_What to work on_.
Starting at the line below with "The paper presents" and stopping at the line with "Ужин: лосось и", please print each line exactly, those two included, and skip every picture.

_Data records_.
┄┄┄┄┄┄

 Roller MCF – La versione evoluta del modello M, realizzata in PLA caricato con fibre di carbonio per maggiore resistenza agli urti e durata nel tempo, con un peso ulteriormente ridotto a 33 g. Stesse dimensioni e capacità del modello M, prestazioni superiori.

┄┄┄┄┄┄

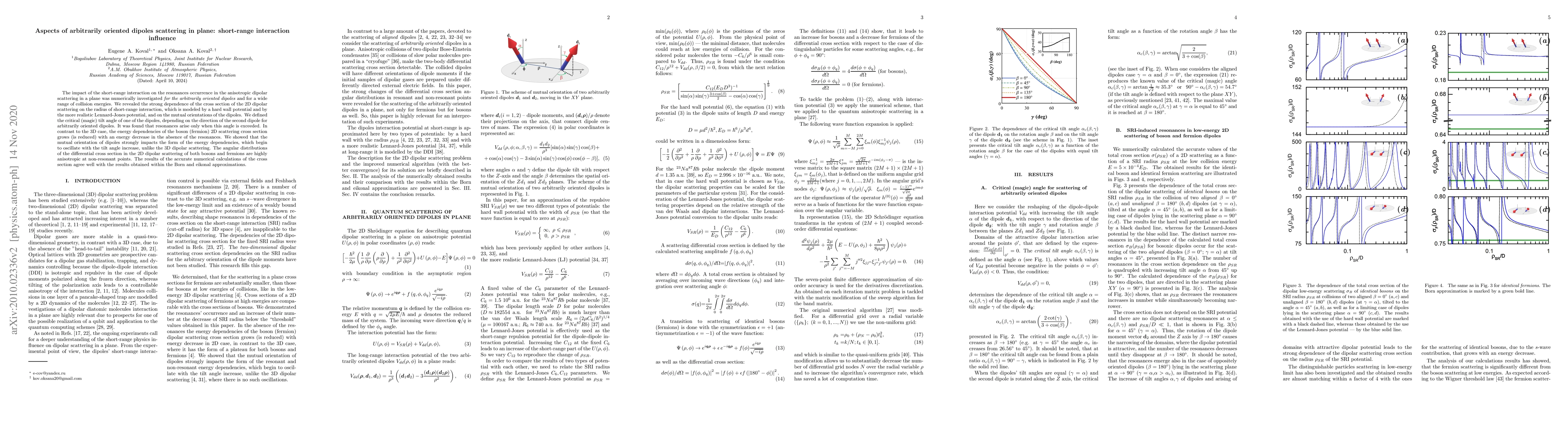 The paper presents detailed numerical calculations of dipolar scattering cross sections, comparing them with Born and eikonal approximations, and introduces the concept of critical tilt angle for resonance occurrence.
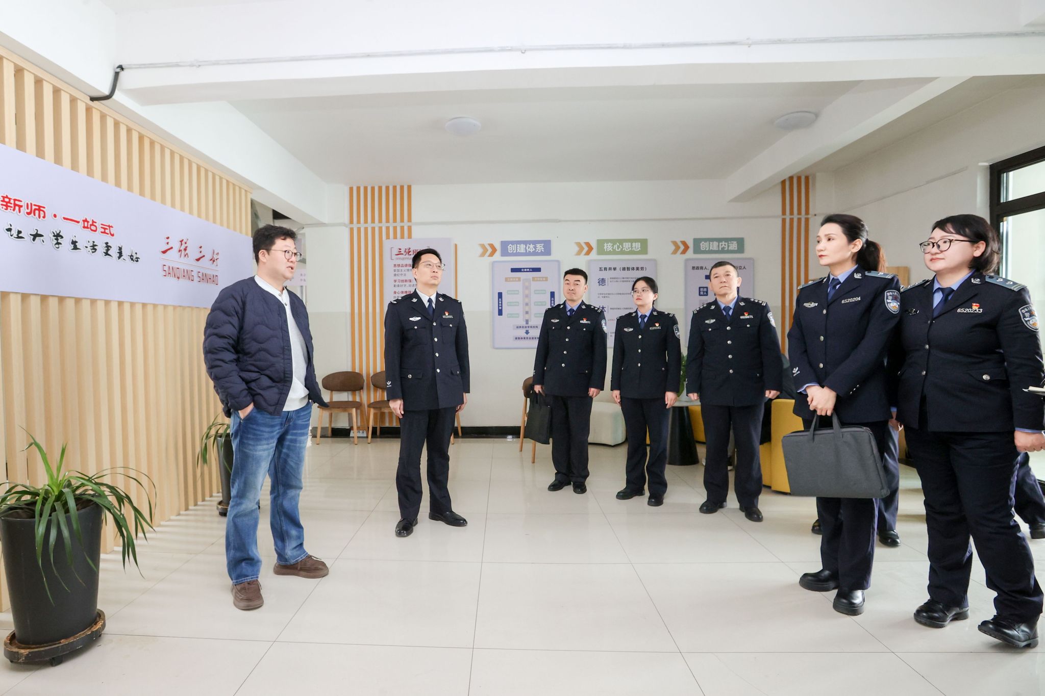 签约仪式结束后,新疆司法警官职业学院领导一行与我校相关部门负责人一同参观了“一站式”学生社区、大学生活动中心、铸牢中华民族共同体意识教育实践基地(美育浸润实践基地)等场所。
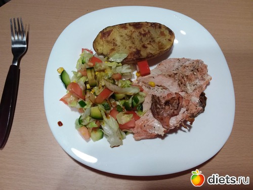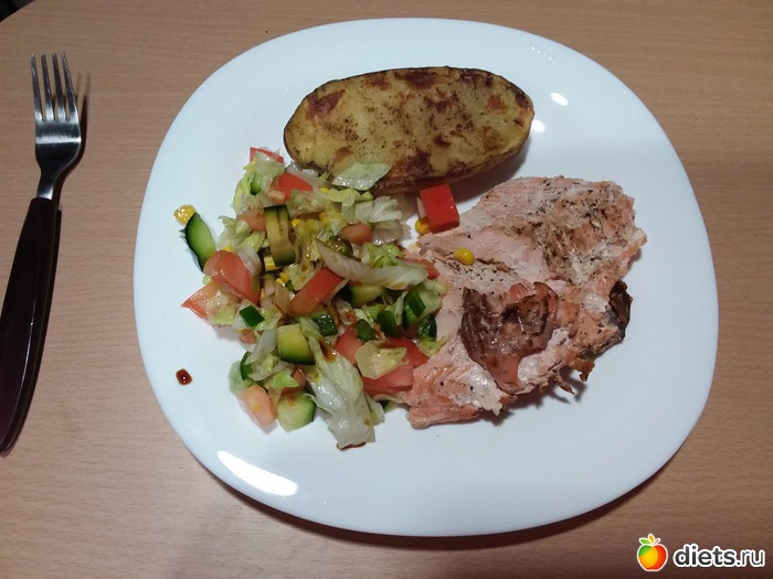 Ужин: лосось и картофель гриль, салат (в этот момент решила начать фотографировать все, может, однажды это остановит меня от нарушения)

┄┄┄┄┄┄

_Completed exercise_.
 The paper presents detailed numerical calculations of dipolar scattering cross sections, comparing them with Born and eikonal approximations, and introduces the concept of critical tilt angle for resonance occurrence.
 签约仪式结束后,新疆司法警官职业学院领导一行与我校相关部门负责人一同参观了“一站式”学生社区、大学生活动中心、铸牢中华民族共同体意识教育实践基地(美育浸润实践基地)等场所。
 Ужин: лосось и картофель гриль, салат (в этот момент решила начать фотографировать все, может, однажды это остановит меня от нарушения)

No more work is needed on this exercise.